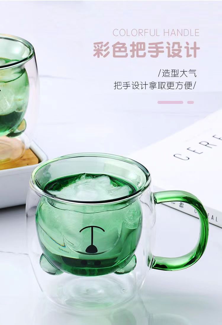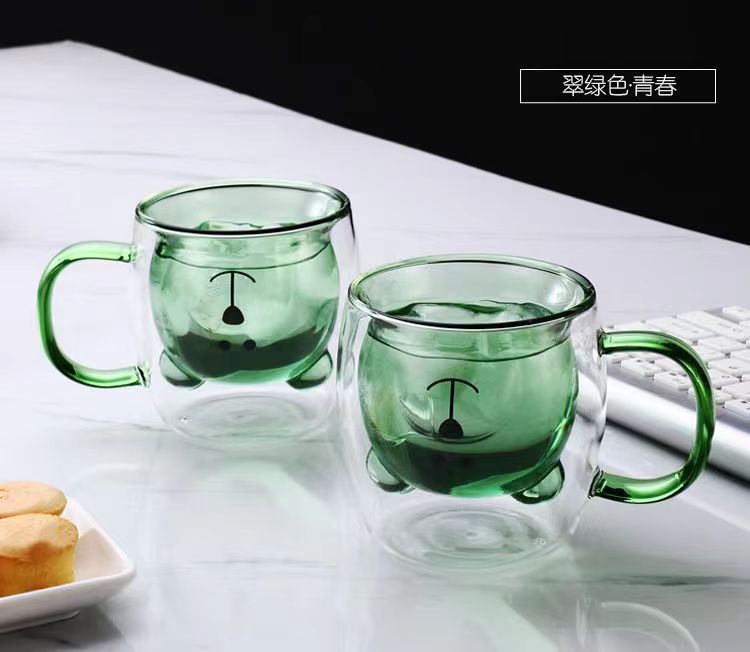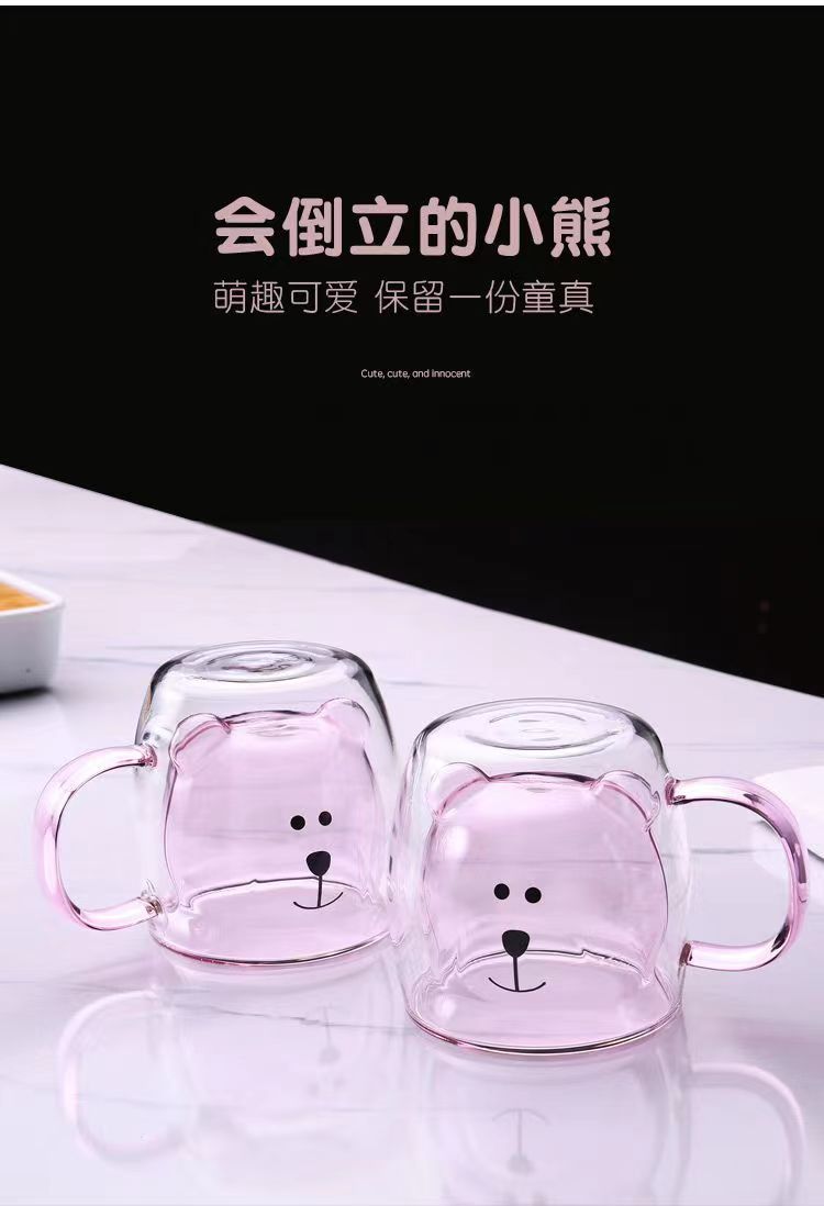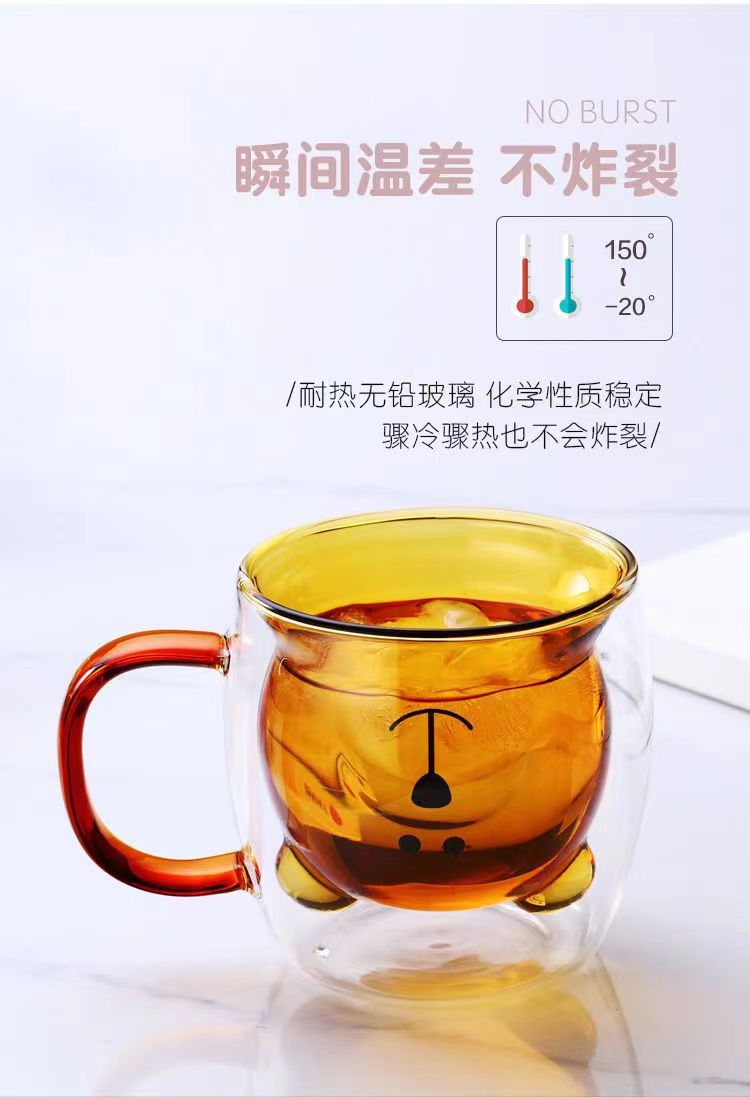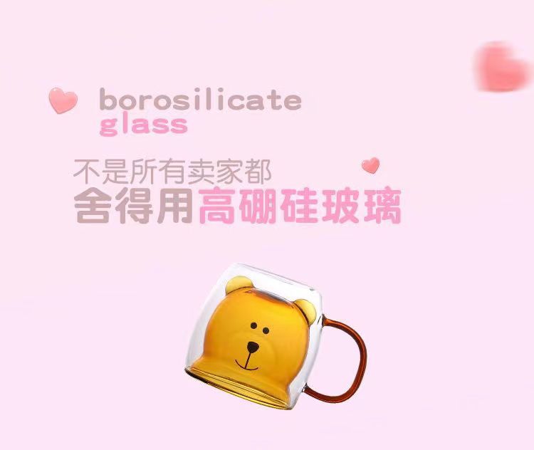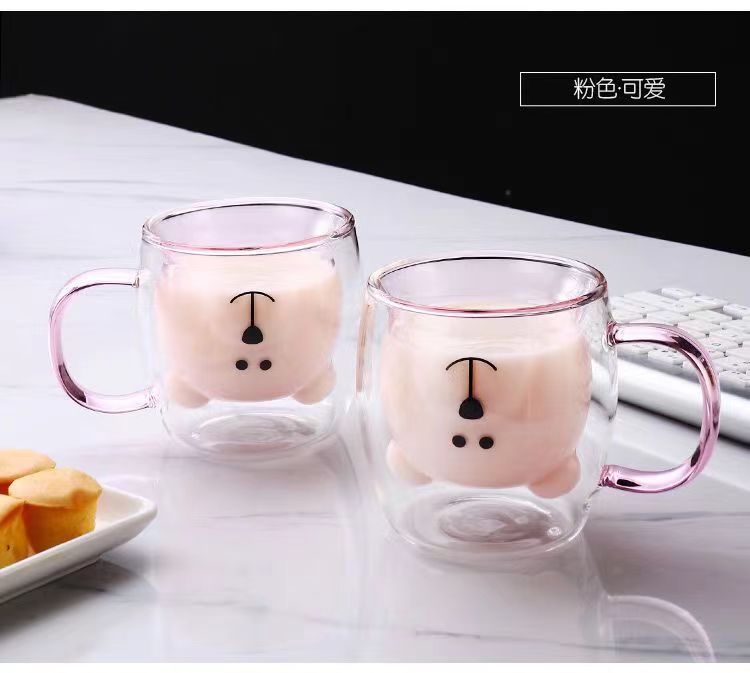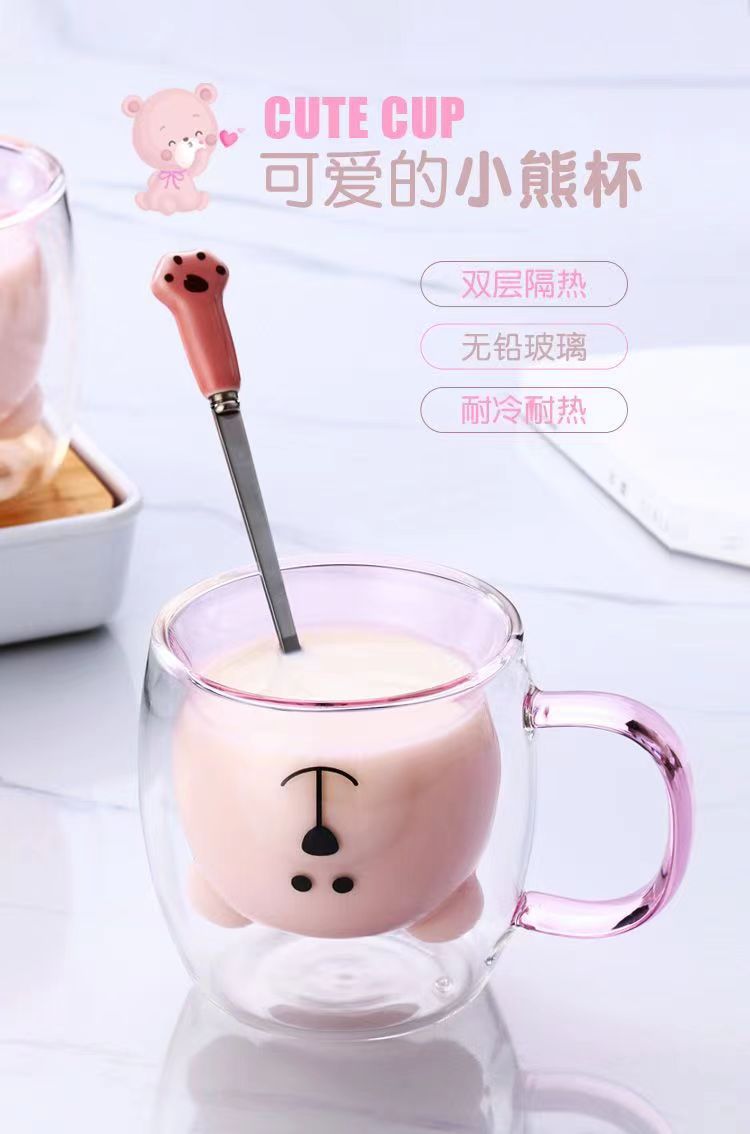 Internet celebridad lindo ins doble capa de vidrio con mango oso taza de café del hogar taza de beber taza de jugo de leche
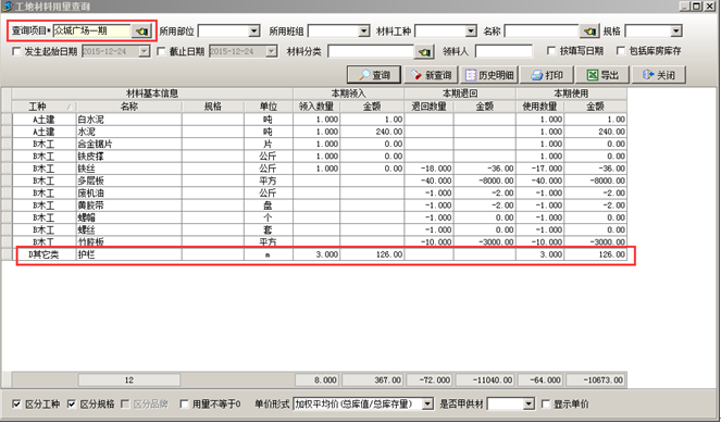 項目成本查詢,如圖:
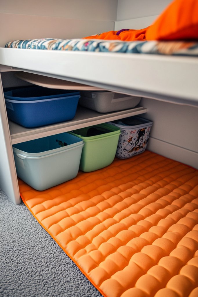 Envision a compact nook beneath a child’s desk, filled with a colorful cushioned mat. Small storage bins hold art supplies, building blocks, or figurines, all within arm’s reach. The space feels like a secret hideaway, with a cheerful vibe created by playful patterns on the mats and containers. When kids sit or kneel here, it’s a cozy, inviting zone for hours of fun.
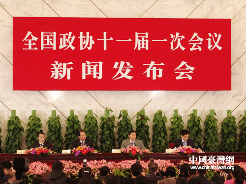 全國政協(xié)十一屆一次會議今天下午在人民大會堂舉行新聞發(fā)布會。(攝影:趙穎芳)
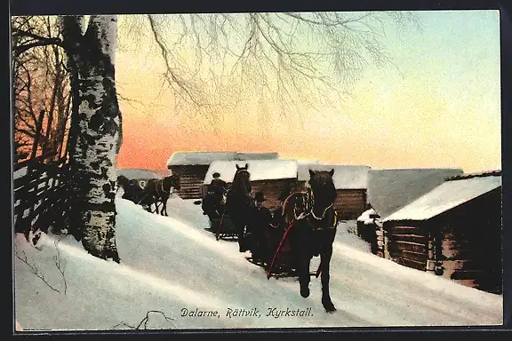 AK Dalarne, Rättvik, Kyrkstall, Pferdeschlitten
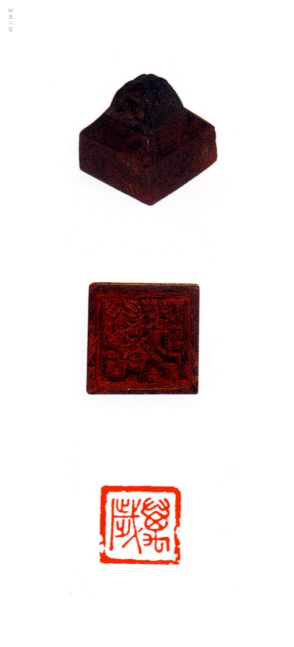 这是一方战国晋系私玺。此印虽然是三个字,但却是按照两个字来布局的。“上官”二字连在一起,与“黑”字一起平均分配了印面。“上”字刻得平稳工整,“官”字用“ 宀 ”撑起了“上”字,“官”字的“ 宀 ”左边长,右边稍短一些,下面的部件向右倾斜,故意留出了右下角的一点空间。“黑”字比较端正,左右基本对称,但也存在着细小的变化,“黑”字下的“火”字左点短,右点长,中间两笔也是左长右短,刚好错落开来。此印下部留的空间比较多,边框的残破也增添了这方印的生动感。
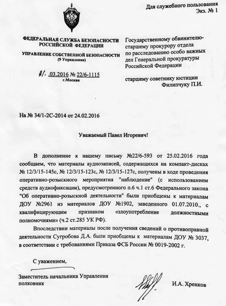 «С тех пор между мной и сотрудниками 6-й службы УСБ ФСБ по инициативе последних общение прекратилось. Они посчитали меня амбициозным руководителем, который не захотел выстраивать с ними отношения должным образом по выполнению их неформальных указаний», — говорит Сугробов, отмечая, что до поступившего «предложения» он находился в добрых отношениях с Олегом Феоктистовым и даже знакомил его с будущим министром внутренних дел Владимиром Колокольцевым.
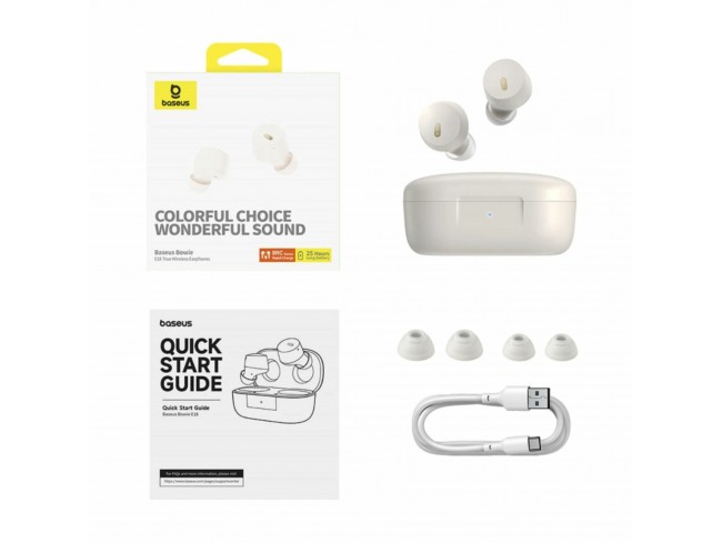 Paket vsebuje: 1x Baseus slušalke Bowie E18 bele bluetooth, 1x Polnilni kabel USB TipA-C, 2x Set nadomestnih čepkov, 1x Navodila
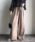 秋らしいスウェード素材のセットアップコーデ💕 着た感じが思ったより重たくなくて 軽くて快適に着やすいです✨ ウエストのリボンがポイントになって可愛い…!
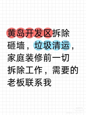黄岛开发区拆除搬运一站式服务|专业拆旧+高价回收+高效搬运 黄岛开发区本地专业拆除搬运团队,承接拆除砸墙、搬家搬运扛楼、拆橱柜衣柜木地板、铝合金门窗回收拆除全流程服务,持证施工、工具齐全、价格透明,靠谱不踩坑! 🌟 核心服务全覆盖 ✅ 拆除砸墙:家装/工装砸墙、墙体开门开窗、混凝土破碎、墙面/顶面拆除,精准施工不扰民✅ 全屋拆旧:专业拆橱柜、拆衣柜、拆木地板/地砖、拆吊顶隔断,旧房改造/毛坯房还原一站式搞定✅ 门窗回收拆除:高价回收铝合金门窗、旧门窗拆除清运,变废为宝,节省成本✅ 搬家搬运:居民搬家、公司搬迁、家具家电搬运、扛楼装卸,大小件物品安全搬运,高效省时 🛠️ 专业优势选我们 ✅ 本地深耕:熟悉黄岛开发区各小区/商圈施工细节,响应快速,就近派工✅ 设备齐全:配备专业拆除工具(环锯、电镐、水锯等),拆除精准、效率拉满✅ 安全规范:持证施工团队,全程做好防护,不损坏原有结构,杜绝安全隐患✅ 回收清运:拆除废料+门窗全流程清运,高价回收可利用物资,绿色环保✅ 价格透明:无隐形消费,先报价后施工,大小活都接,性价比拉满 📞 合作场景 适合新房装修拆旧、旧房改造升级、店铺/厂房拆除、居民搬家搬运、门窗更换回收等需求,个人业主、装修公司、企业单位均可合作! 📱 联系我们 黄岛开发区本地直连,随时咨询报价、预约上门,专业团队为你省心省力~(可添加联系方式/微信,标注“黄岛拆除搬运”优先对接) 需要我帮你精简成适合朋友圈/58同城的短版文案,或者补充具体报价区间、服务案例吗?
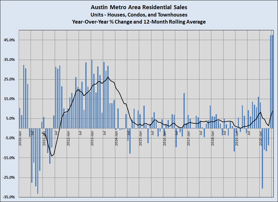 If you see bars showing sales 47.5% higher in June and July than the same months last year, it’s not your imagination. Even during the first three years of this incredibly long market cycle, the pace of unit sales peaked at 35% year-over-year growth. It’s also worth noticing how volatile the eleven months were leading up to the June-July spike. I have been telling you for a long time that our market is supply-constrained, but as we began to open much of the economy, demand overpowered the effect of limited inventory.
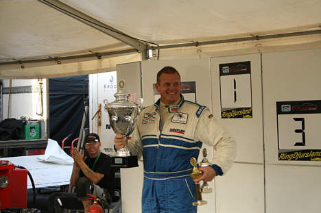 Sideløbende med hjælpen til Christer Gislerud havde mekanikerne nået at ændre bilernes opsætning til eftermiddagens solskin og tørre bane, og brødrene Klostermann var klar til at dyste mod Jørgen Hansen og Mikael Sode, der har fået Sleipner til at køre godt. Da starten gik, blev en bil midt i feltet stående på gridden, og en række af uheldsfaktorer begyndte at stå i kø for at skabe den mest bizarre episode i mange år: en Safety Car for fuld fart mod kørselsretningen – baglæns vel at mærke! Det skete der ikke noget ved, så bilen blev parkeret ved siden af den holdende racerbil. – Jeg så der var gult flag og SC-skilt, og samtidig fik jeg at vide over radioen, at jeg skulle tage inderbanen ind på langsiden. Da jeg så kom rundt i svinget, var der pludselig en mand med to gule flag foran barrieren, og inderbanen var spærret af Safety Car, så jeg måtte trække til venstre, og der blev jeg ramt af Michael Nissen. Min bil blev sparket frem og der var ikke mange centimeter til manden med flaget, fortalte en rystet Claus Klostermann efter løbet.
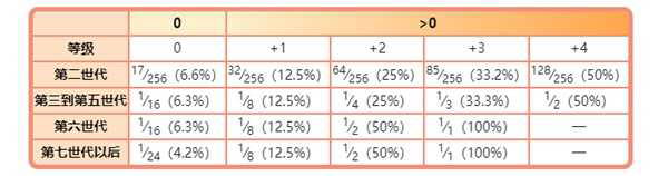 与能力变化类似,击中要害率也有等级,最早出现在第二世代。击中要害率等级只能提升,不能降低。

WHAT TO WORK ON
Return the stretch of data that begins with the line showing "秋らしいスウェード素材のセットアップコーデ💕 着た感じが思ったより重たくなくて 軽くて快適に着やすいです✨" and goes on through the line showing "核心服务全覆盖 ✅ 拆除砸墙:家装/工装砸墙、墙体开门开窗、混凝土破碎、墙面/顶面拆除,精准施工不扰民✅", exactly, with pictures removed.

ANSWER TO THIS EXERCISE
 秋らしいスウェード素材のセットアップコーデ💕 着た感じが思ったより重たくなくて 軽くて快適に着やすいです✨ ウエストのリボンがポイントになって可愛い…!
黄岛开发区拆除搬运一站式服务|专业拆旧+高价回收+高效搬运 黄岛开发区本地专业拆除搬运团队,承接拆除砸墙、搬家搬运扛楼、拆橱柜衣柜木地板、铝合金门窗回收拆除全流程服务,持证施工、工具齐全、价格透明,靠谱不踩坑! 🌟 核心服务全覆盖 ✅ 拆除砸墙:家装/工装砸墙、墙体开门开窗、混凝土破碎、墙面/顶面拆除,精准施工不扰民✅ 全屋拆旧:专业拆橱柜、拆衣柜、拆木地板/地砖、拆吊顶隔断,旧房改造/毛坯房还原一站式搞定✅ 门窗回收拆除:高价回收铝合金门窗、旧门窗拆除清运,变废为宝,节省成本✅ 搬家搬运:居民搬家、公司搬迁、家具家电搬运、扛楼装卸,大小件物品安全搬运,高效省时 🛠️ 专业优势选我们 ✅ 本地深耕:熟悉黄岛开发区各小区/商圈施工细节,响应快速,就近派工✅ 设备齐全:配备专业拆除工具(环锯、电镐、水锯等),拆除精准、效率拉满✅ 安全规范:持证施工团队,全程做好防护,不损坏原有结构,杜绝安全隐患✅ 回收清运:拆除废料+门窗全流程清运,高价回收可利用物资,绿色环保✅ 价格透明:无隐形消费,先报价后施工,大小活都接,性价比拉满 📞 合作场景 适合新房装修拆旧、旧房改造升级、店铺/厂房拆除、居民搬家搬运、门窗更换回收等需求,个人业主、装修公司、企业单位均可合作! 📱 联系我们 黄岛开发区本地直连,随时咨询报价、预约上门,专业团队为你省心省力~(可添加联系方式/微信,标注“黄岛拆除搬运”优先对接) 需要我帮你精简成适合朋友圈/58同城的短版文案,或者补充具体报价区间、服务案例吗?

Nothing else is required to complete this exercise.